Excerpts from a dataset
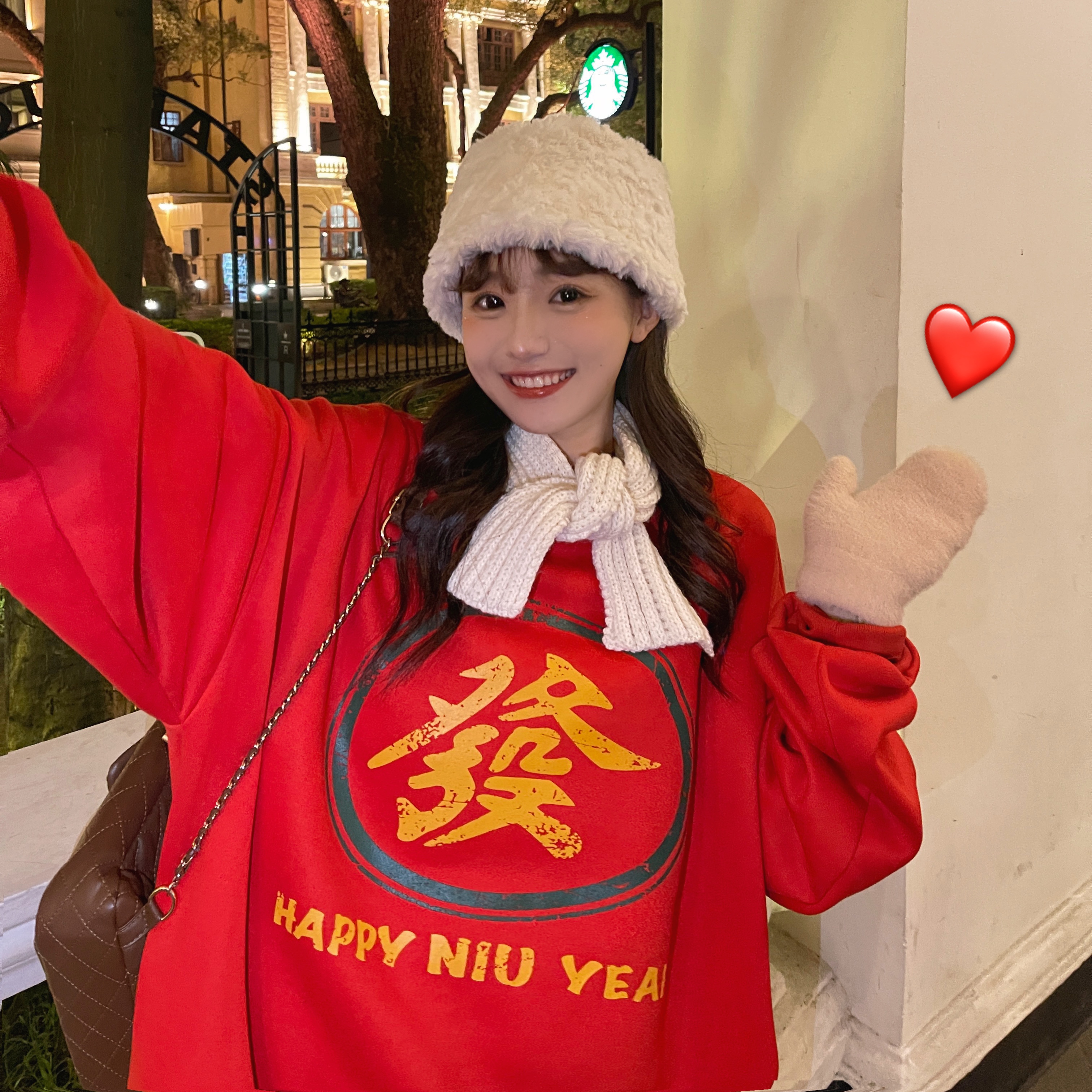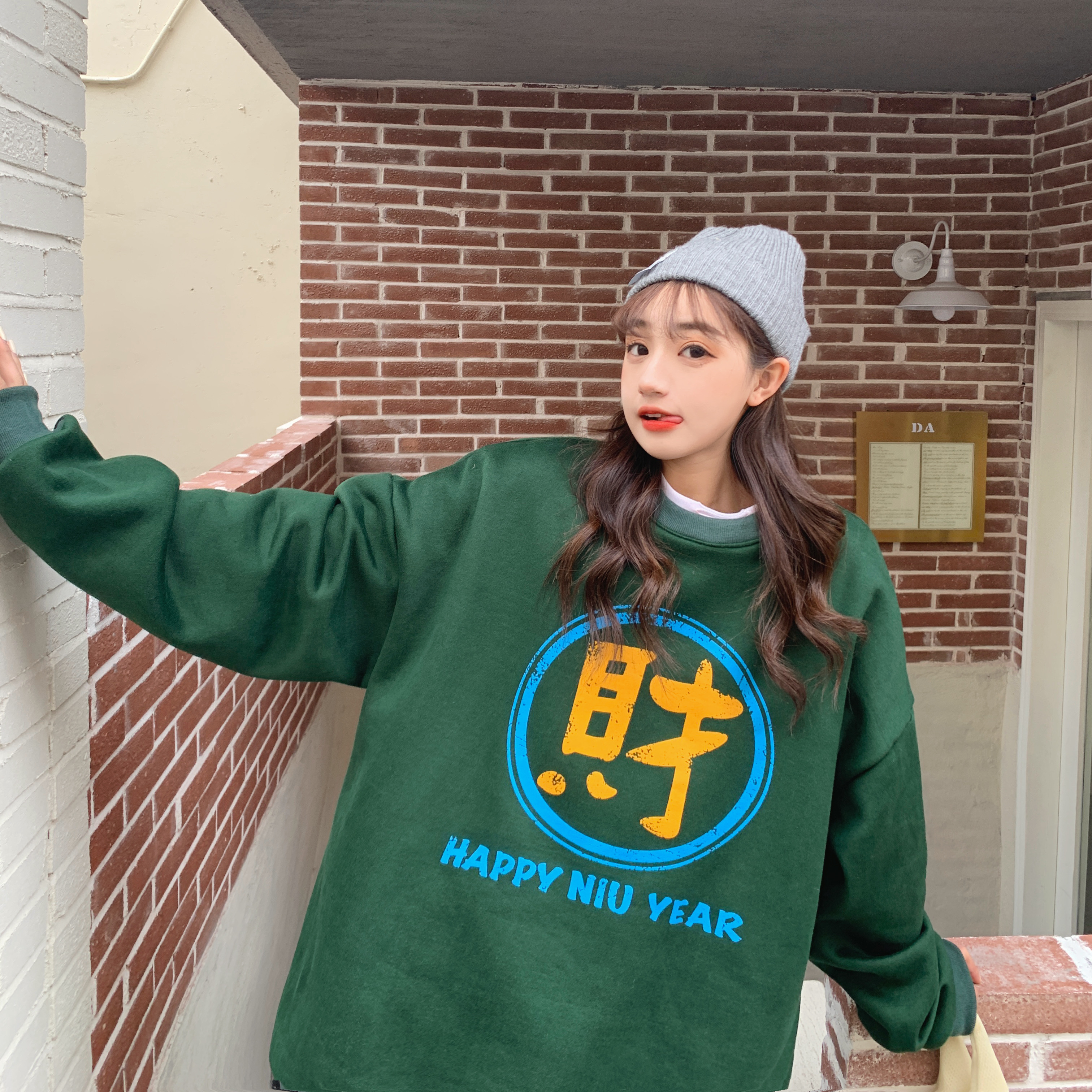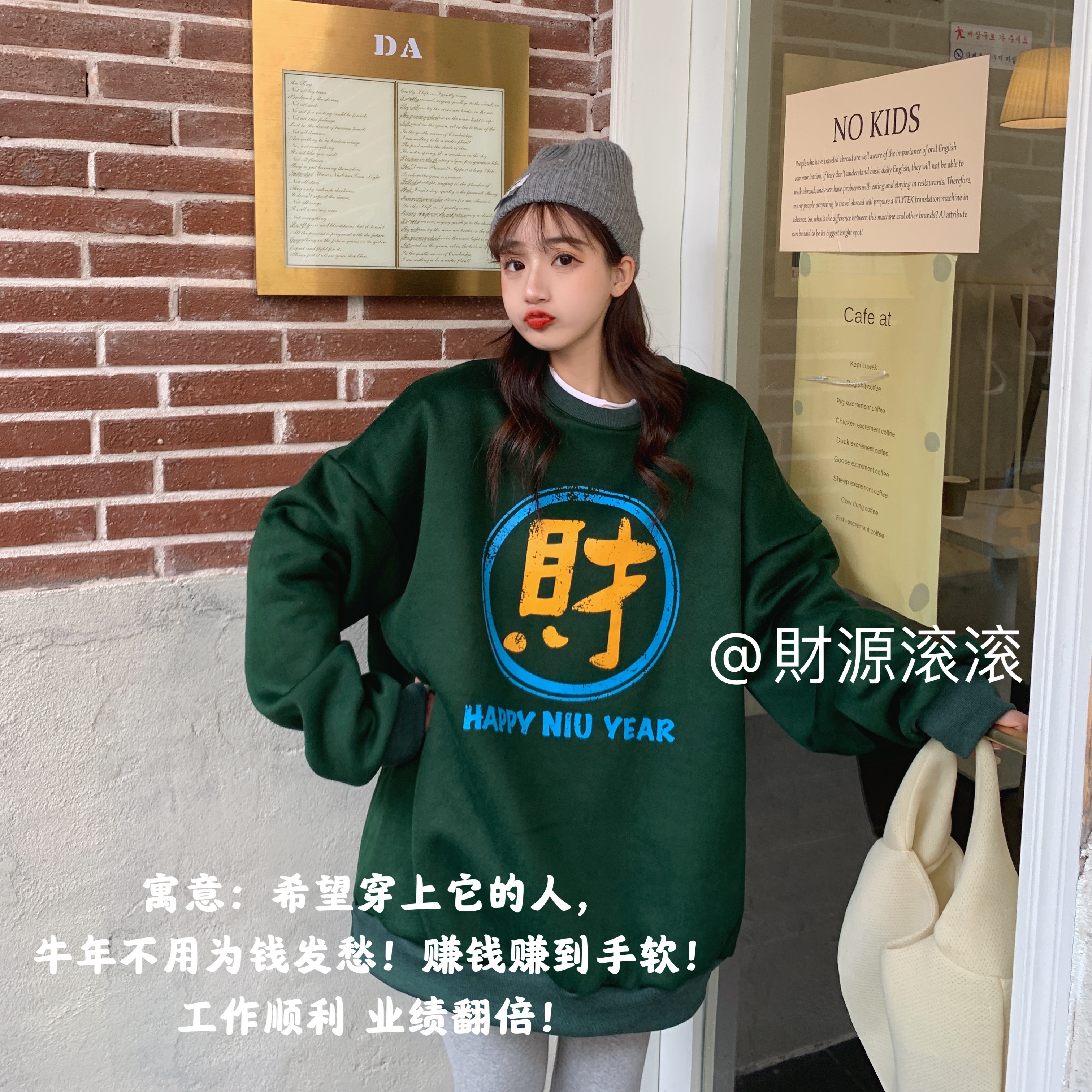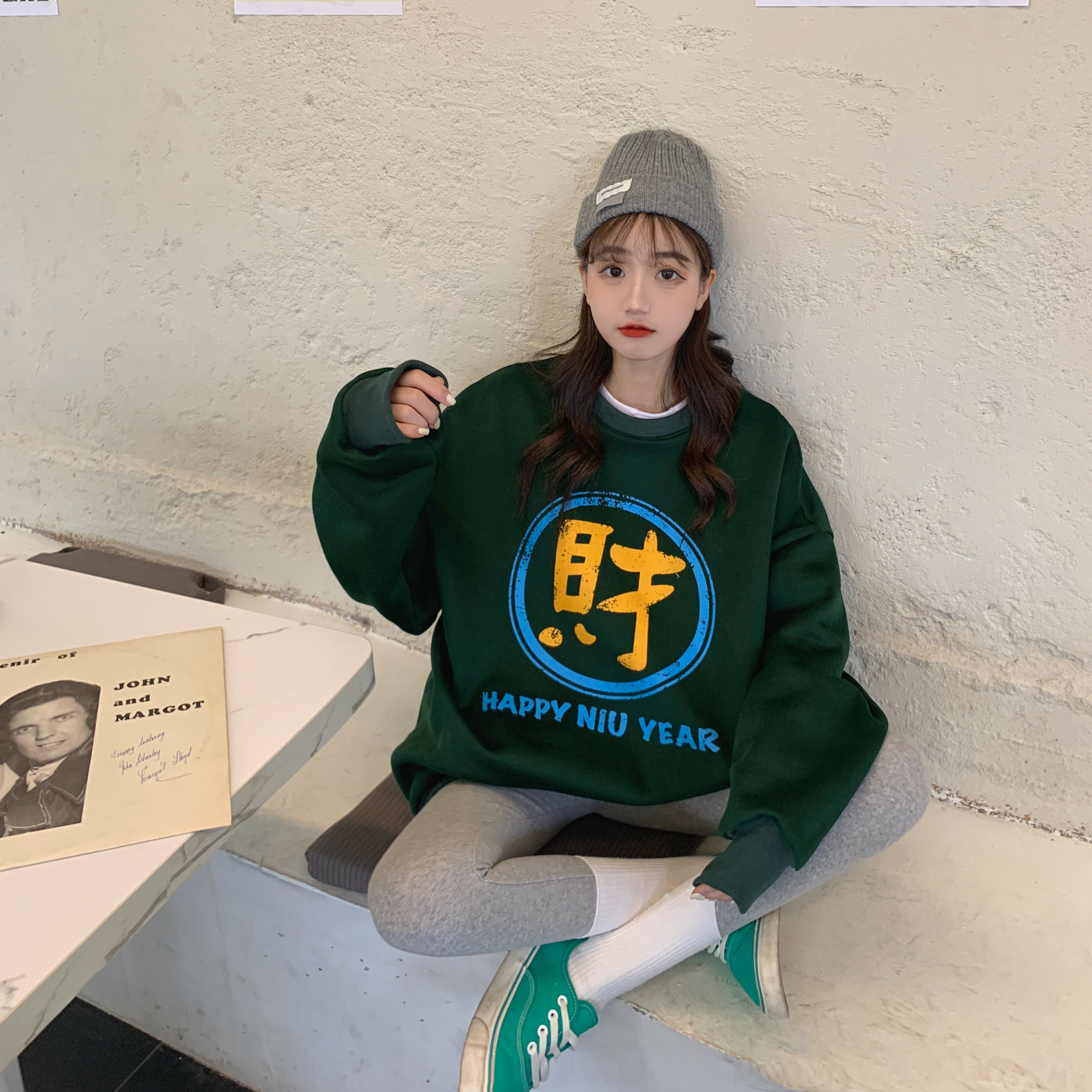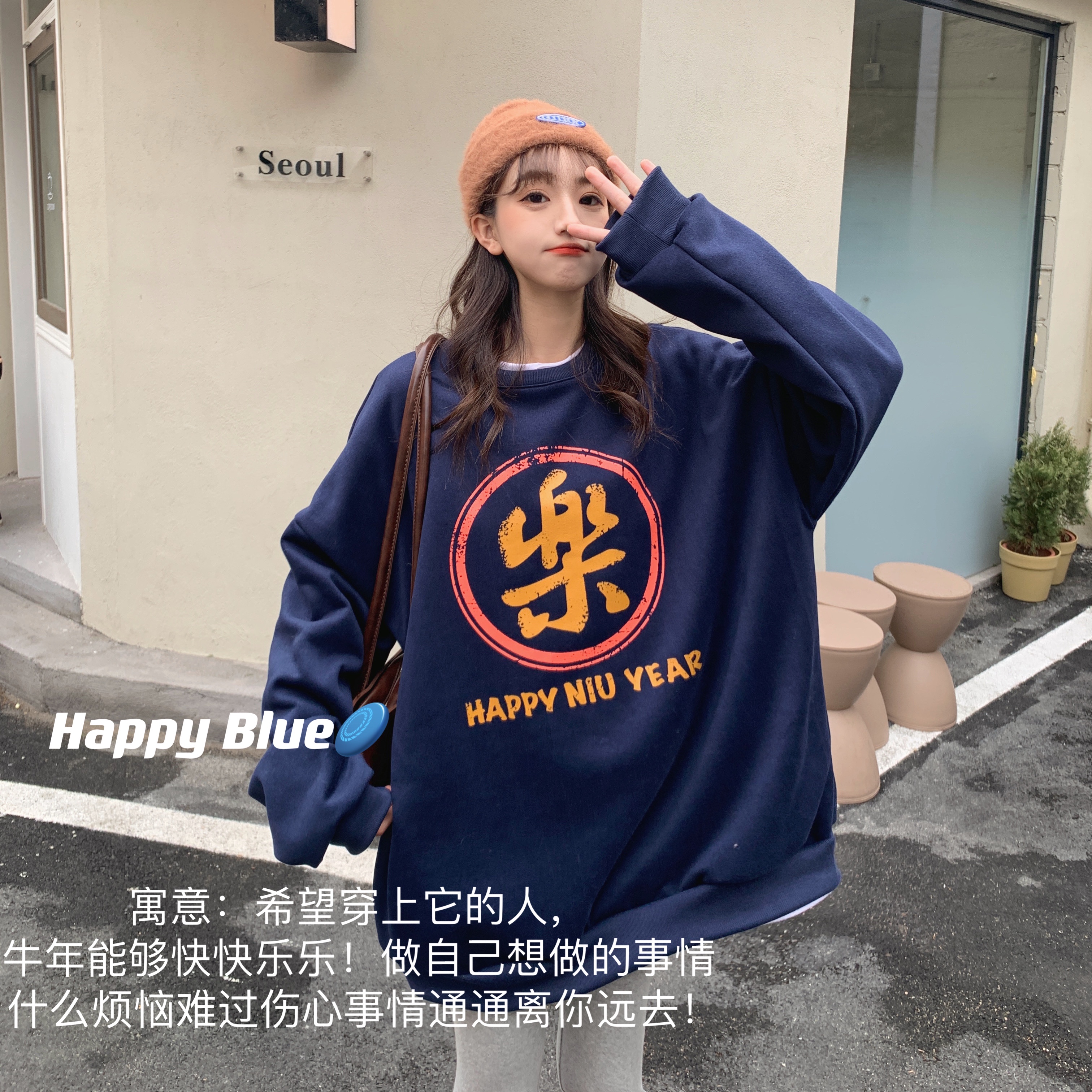 实拍实价~新年圣诞happy“牛”year圆领套头加绒卫衣
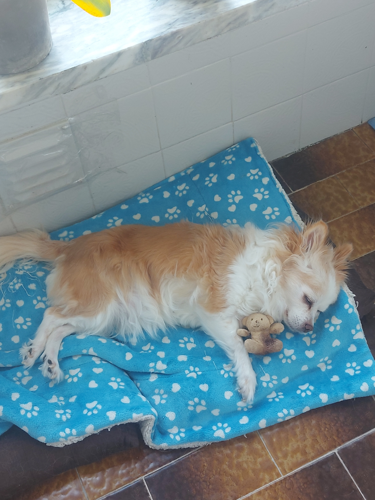 A small, long-haired dog, likely a Chihuahua or Papillon mix, with light brown and white fur, is depicted sleeping peacefully on its side. The dog is resting on a blue blanket patterned with numerous…read more
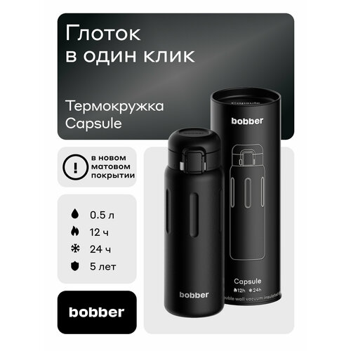 Компактная и лёгкая термокружка с закрытой питьевой системой - идеальный вариант для тех, кто любит комфорт и удобство. Отлично подойдет для города, активного отдыха, работы, путешествий и занятий спортом. Благодаря компактности и небольшому весу кружка легко поместится даже в самую небольшую сумку. Закрытая питьевая система обеспечит сохранность температуры горячих и холодных напитков, а надёжный фиксатор защиту от протекания. Благодаря вакуумной изоляции и использованию высококачественных материалов эта кружка сохранит ваш любимый напиток горячим до 12 часов и холодным до 24. Гигиеничная питьевая система и удобная кнопка для открытия крышки одной рукой, делают использование кружки максимально комфортным и безопасным. Два силиконовых кольца гарантируют 100%-ную защиту термокружки от протекания. Компактные размеры кружки удобны для размещения в любом подстаканнике. Термокружка Bobber Capsula, в комплекте с премиальным тубусом с лаконичным дизайном, станет прекрасным и стильным подарком для ваших близких.
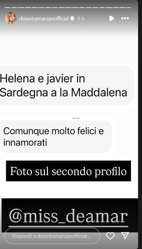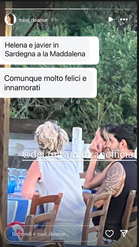 Ecco quanto riportato dall’esperta di gossip, Deianira Marzano, la quale ha raccolto la segnalazione di una utente e fan del reality show di Mediaset presentato fino allo scorso marzo 2025 da Alfonso Signorini: “Helena e Javier in Sardegna a La Maddalena, comunque molto felici e innamorati“.
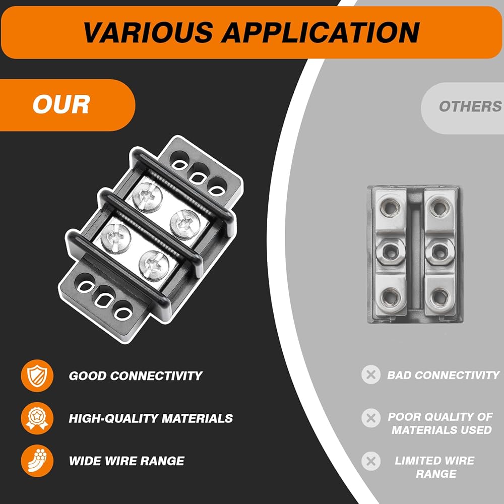 [Optimized for 10-22 AWG Copper Wires]: With a 14.28mm pitch and M4 torque, these blocks are compatible with copper wires from 10-22 AWG, allowing secure and stable connections for various wiring needs, from small household projects to commercial setups.

### TASK GOAL
Restate exactly, please, only the lines between the start of the data and the line containing "A small, long-haired", both ends included, skipping the pictures.

### WORKED SOLUTION
 实拍实价~新年圣诞happy“牛”year圆领套头加绒卫衣
 A small, long-haired dog, likely a Chihuahua or Papillon mix, with light brown and white fur, is depicted sleeping peacefully on its side. The dog is resting on a blue blanket patterned with numerous…read more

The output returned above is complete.